I was so tired I could hardly speak. I shook my head and tried to find my voice. ‘I didn’t have your address.’ I rubbed my nose like a small child. ‘I couldn’t ask anyone. I tried to find your house but I didn’t remember it clearly. I could see bits and pieces but only like a dream. I didn’t know where it was.’

‘Well. Well. You’re here now. Whatever you do, Isabel, don’t go back up north to your home. Were you going to?’

‘I thought about it. I wasn’t sure what to do.’

‘Well, don’t. I can’t tell you how important that is. You must stay here with me.’

Then Maggie turned and began to pace down the street. Her feet moved quickly and I was afraid she would run off to the horizon and disappear again. I scuttled to keep up but there was no energy in my legs and I wanted to fall flat on my face and sleep. She noticed and slowed down but seemed to find it hard to walk at my speed. The pavement was crowded but
somehow we steamed ahead, somehow missing the people coming towards us. As Maggie slowed, her speech became rapid to compensate and she hardly stopped for breath.

‘That bloody sister of mine told me you were travelling in Europe. France, she said, the liar. George and I were going to Paris and thought it would be fun to meet up with you so I asked for your phone number. You’ll meet George later. He’s my boyfriend and a wonderful man. But by then, apparently, you had moved to Spain. Spain, I ask you, and I believed it. She made up some daft story that you were picking fruit and studying the language. I never knew she had such an imagination. I never knew she
had
an imagination.’ Maggie tapped my arm. ‘I mean, that’s elaborate, isn’t it, for her?’

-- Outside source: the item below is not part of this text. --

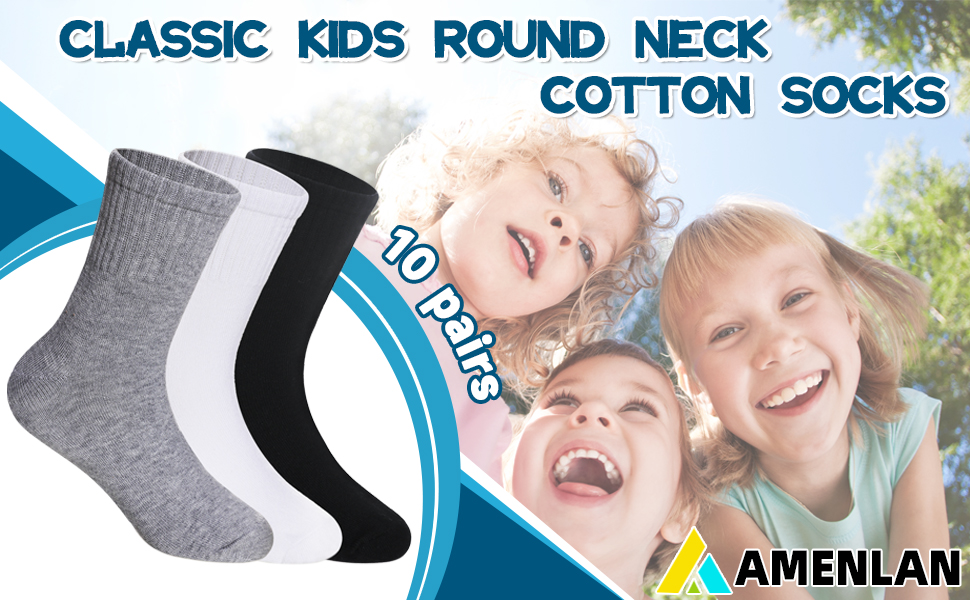 AMENLAN Kids Classics Crew Socks 10 Pairs Child Boy Girls Athletic Cotton Basic School Uniform Breathable Casual Sports Socks(5349)

I could see her quite clearly, this other version of me, travelling around Europe, climbing ladders to pluck scarlet apples from trees and dropping them into wicker baskets. Or bunches of purple grapes from vines. And it might have been possible. It was so much likelier than what did happen that I wanted to believe it. I still do, and sometimes tell people that I spent a year picking fruit and travelling in France and Spain. I’m not lying exactly. It has been part of me for so long now that it has almost become true. It is one of my pasts, if not the one I know best.

‘How did you find out I hadn’t gone anywhere? I mean, I hadn’t gone—’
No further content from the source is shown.